После чего он заявляет, что падение метеорита было подобно падению Люцифера, потому что снабдило нас железом и сделало властителями нашей части долины. Таким образом эта падучая звезда отвлекла нас от главной цели, и мы поддались соблазну, начав строить пароход — ту же Вавилонскую башню — в надежде достигнуть истоков Реки. И мы убиваем на постройку все свое время, ни на шаг не продвинувшись в пере-воссоздании самих себя.
А виноваты в нашем грехопадении, по его словам, люди типа тебя, Чарбрасса и Клеменса. Нам, дескать, выпал чудесный шанс отказаться от развития технологии, которой человек отгораживался на Земле от себе подобных и от Бога. И эта звезда — подарок дьявола, а вовсе не небес, как мы считаем. Поэтому нам нужно сжечь пароход, закрыть все проходы к руднику, сложить оружие и встретить Мюреля с его головорезами молитвой и непротивлением.

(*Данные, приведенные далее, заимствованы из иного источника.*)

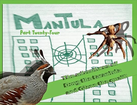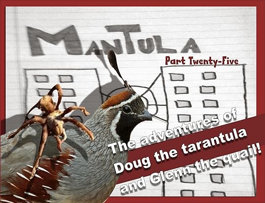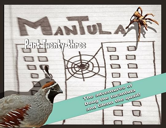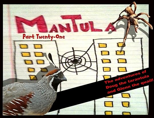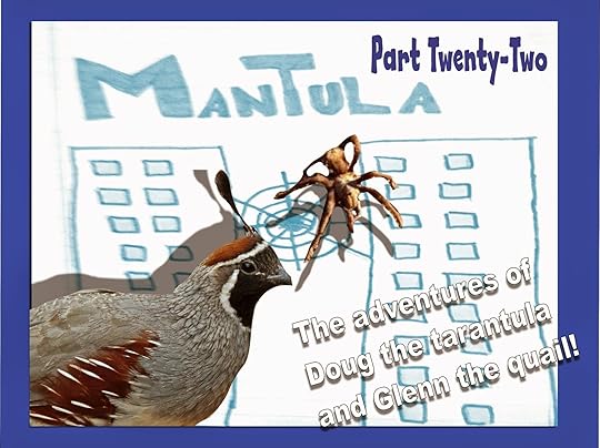 I rode atop Glenn as he made his way through the muggy Arizona weather. The fast-moving man-turned-quail moved deftly through the bushes and assorted trash strewn at the edge of the road. Large rain bombs fell from the gray skies overhead, exploding like water balloons all around us, but a full-blown storm had yet to begin.I made a sorry attempt to remember my life prior to becoming a nasty little tarantula. Only I couldn't remember it. My life had changed so much in the last few weeks that everything else began to blur. Not the big things. Not my son. Not the image of him. Not the sound of his laughter. Not the way I felt when he sat in my lap and we read comics. All of those things burned in a hole in the center of my chest that sucked all happiness from my soul. What I could remember, with full clarity, was how I woke up in this body, how confused I felt. I remembered trying to kill myself by leaping from Coffee Pot Rock. Obviously that didn't work out in my favor. From there I got filmed free-falling by a drone, nearly caused a car wreck, and ended up meeting Glenn under a bush. I also happened to find that $100 bill I just gave away.

А если они убьют нас — что ж, мы воскреснем в другом месте долины, зато, возможно, наш пример заставит Мюреля и его солдат призадуматься, отвратит их мысли от убийства, и в конце концов они тоже полюбят людей. О, он надеется не совершить в них духовный переворот, а хотя бы подтолкнуть в нужном направлении!
Я думал, его речи не найдут никакого отклика, хотя меня они просто взбесили. Но, хочешь верь, хочешь не верь, люди в толпе начали поговаривать о том, что в его словах есть доля правды. Кое-кто стал подумывать, а почему бы нам и в самом деле не заключить перемирия с Мюрелем. А другие говорят: они-де устали вкалывать на руднике и без передыха строить «Комету», в то время как почти все прочие жители долины наслаждаются бездельем.
Ну, я от таких разговоров вообще вошел в раж, как бык от красной тряпки, и начал орать, что их никто силком в Телеме не держит.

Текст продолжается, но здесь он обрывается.